One of the reasons PECOTA projections doubted the Cubs was their starting pitching depth and lack of strikeout pitchers on the staff. Hoyer declined to discuss why their team projections suggest they will outperform PECOTA’s analytics.

“That’s a slippery slope, talking about whether you can outperform those,” Hoyer said. “But I think we’re going to throw a lot of strikes for sure. Our staff has really good command. We’re going to really catch the ball and then certainly the hope is that our run prevention in general exceeds expectations.

“But like I’ve said before, I’m never going to sit here and say why we’re going to outperform a certain projection system. … We don’t have a strikeout pitching staff, but certainly we should limit our walks and hopefully the balls in play we can limit to outs.”

Swanson, who inked a seven-year, $177 million deal to leave the Atlanta Braves and become the new face of the franchise, said he wouldn’t have signed without the idea of winning a World Series.

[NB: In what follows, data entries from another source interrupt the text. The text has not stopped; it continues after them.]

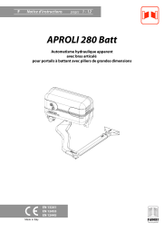 Vous trouverez ci-dessous de brèves informations sur APROLI 280 Batt. Cet automatisme hydraulique apparent avec bras articulé est conçu pour l'ouverture et la fermeture de portails à battant avec des piliers de grandes dimensions. Il offre une installation facile, des mouvements fluides et une force de poussée réglable pour s'adapter à différents types de portails.
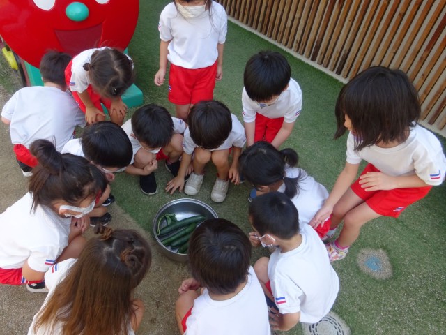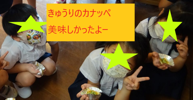 今日はなんと5本も収穫できて、給食室の先生にお願いしてカナッペのおやつになりました~(小さいクラスはサンドウィッチです)
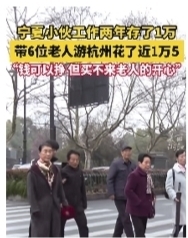 近日,一位已经在杭州工作两年的宁夏小伙征浩,一次性花光两年积蓄,带着老家的爷爷奶奶等6位老人来到杭州,带老人们在杭州玩几天。这对入职不久、经济不宽裕的年轻人来说是一笔不小的开支。但思前想后,小征还是觉得,家里的老人一天天老了,这趟行程,不能再等了。小伙表示:“钱可以挣 但老人开心买不来!”
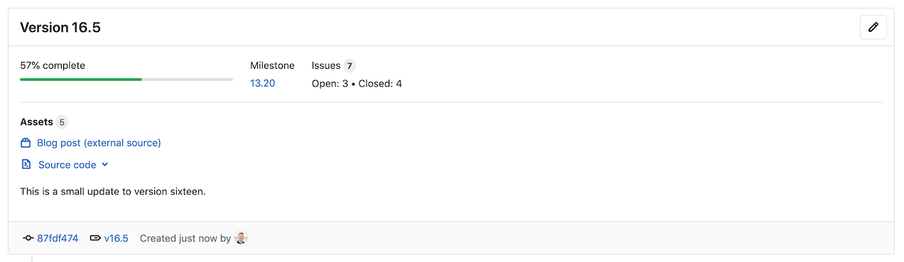 Create a release to package your project at critical milestones. Releases combine code, binaries, documentation, and release notes into a complete snapshot of your project. When a release is created, GitLab automatically tags your code, archives a snapshot, and generates audit-ready evidence. This creates a permanent record that's perfect for compliance requirements and can give your users confidence in your development process.
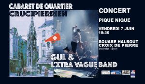 Un cabaret où seront interprétées les chansons écrites par les enfants des écoles et le collège du quartier avec la complicité de guL tout au long de l’année, Une Chorale Crucipierrienne Éphémère, Des invités prestigieux et de choix, le tout accompagné par l’Xtra Vague Band » Octet jubilatoire, foutraque, et offensif avec pas mal de truc dedans » de guL qui clôturera cette soirée tout en fêtant la sortie d’ INTERNATIONAL le tout nouvel album du groupe
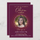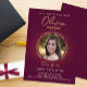 É hora de comemorar sua formatura! Convide seus convidados para a sua festa com este na moda, clássico e moderno convite fotográfico. A frente apresenta um design minimalista com um roteiro elegante e moderno e uma foto personalizável, enquanto a parte de trás ostenta um simples fundo na moda burgundy. Você pode personalizar o convite facilmente alterando as fotos e o texto para torná-lo exclusivamente seu. Este convite combina eterno, elementos clássicos com talento moderno, estabelecendo o tom para uma celebração memorável e marcando perfeitamente este marco especial em sua vida!
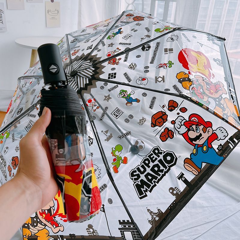透明男女玛丽雨伞三折伞自动马里奥直柄伞马力欧折叠儿童成人动漫
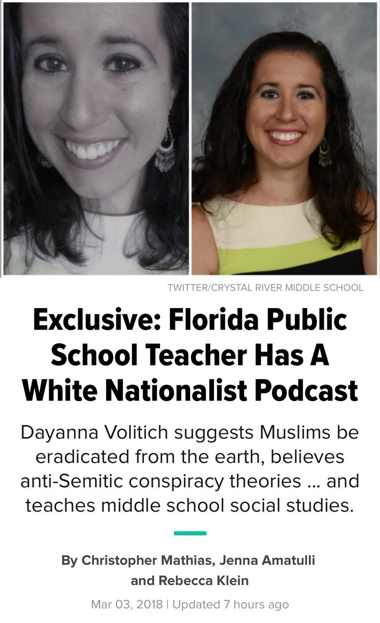 Dayanna Volitich, a 25-year-old social studies teacher at Crystal River Middle School in Florida, has been secretly hosting the white nationalist podcast “Unapologetic” under the pseudonym “Tiana Dalichov” and bragging about teaching her views in a public school, HuffPost has discovered.
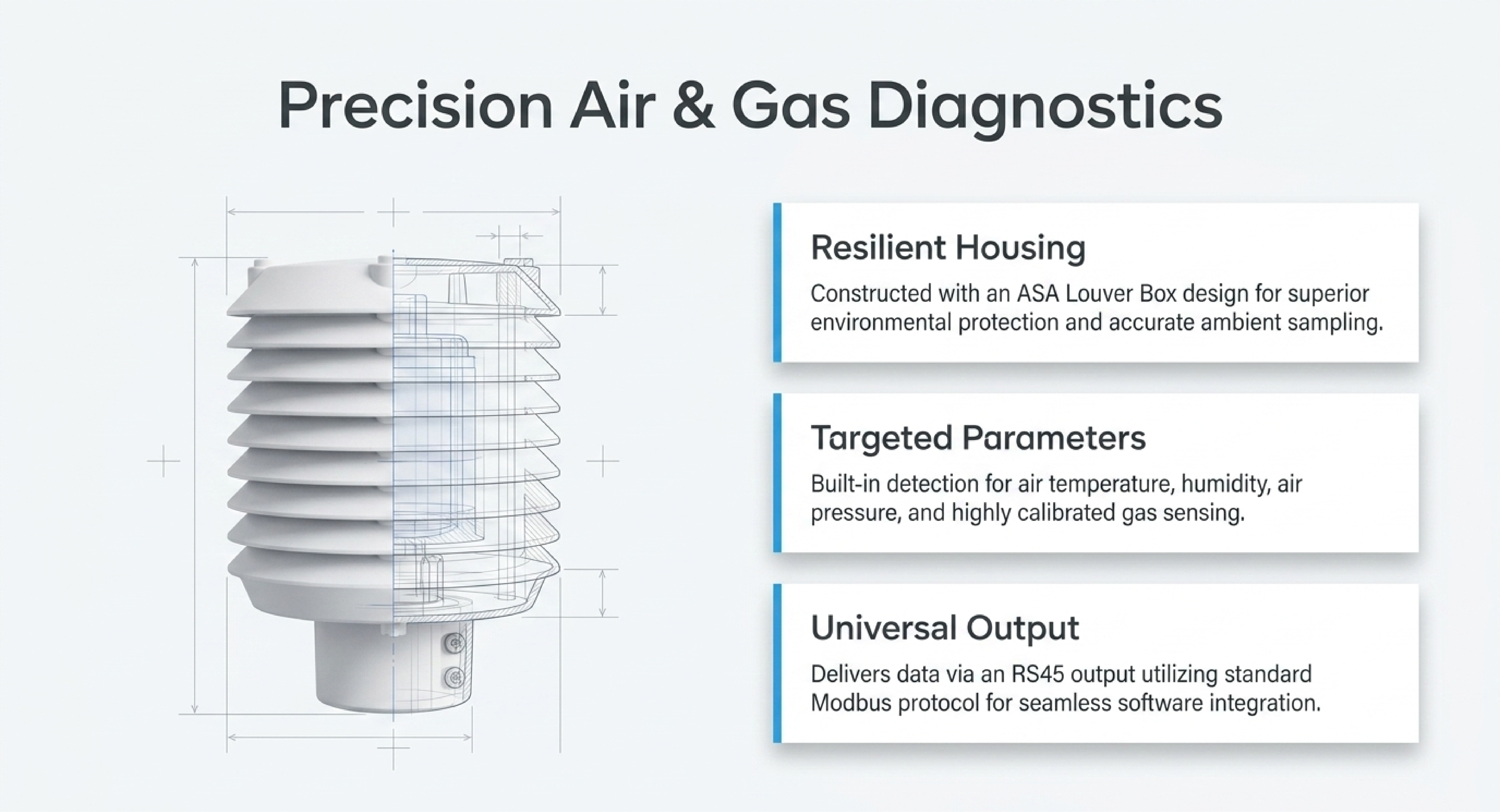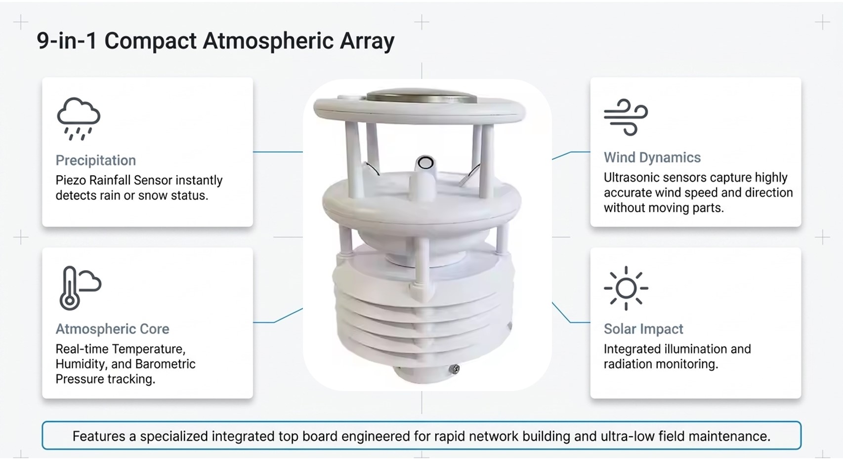 The foundation of this system is the 9-in-1 Compact Weather Station, a highly integrated “Entity” designed to consolidate multifaceted environmental data into a single RS485 Modbus stream. Unlike traditional stations, this unit is engineered for longevity in harsh environments.

“That’s the only goal,” Swanson said. “There is no other reason to play this game other than to win. Realistically, when you look at everything that way, that’s why I came here, to be a part of something bigger than myself. To be a part of a team that could bring forth a fourth World Series (title) for this great organization.”

The Cubs are off and running, and now it’s time to start showing why they can disprove the skeptics.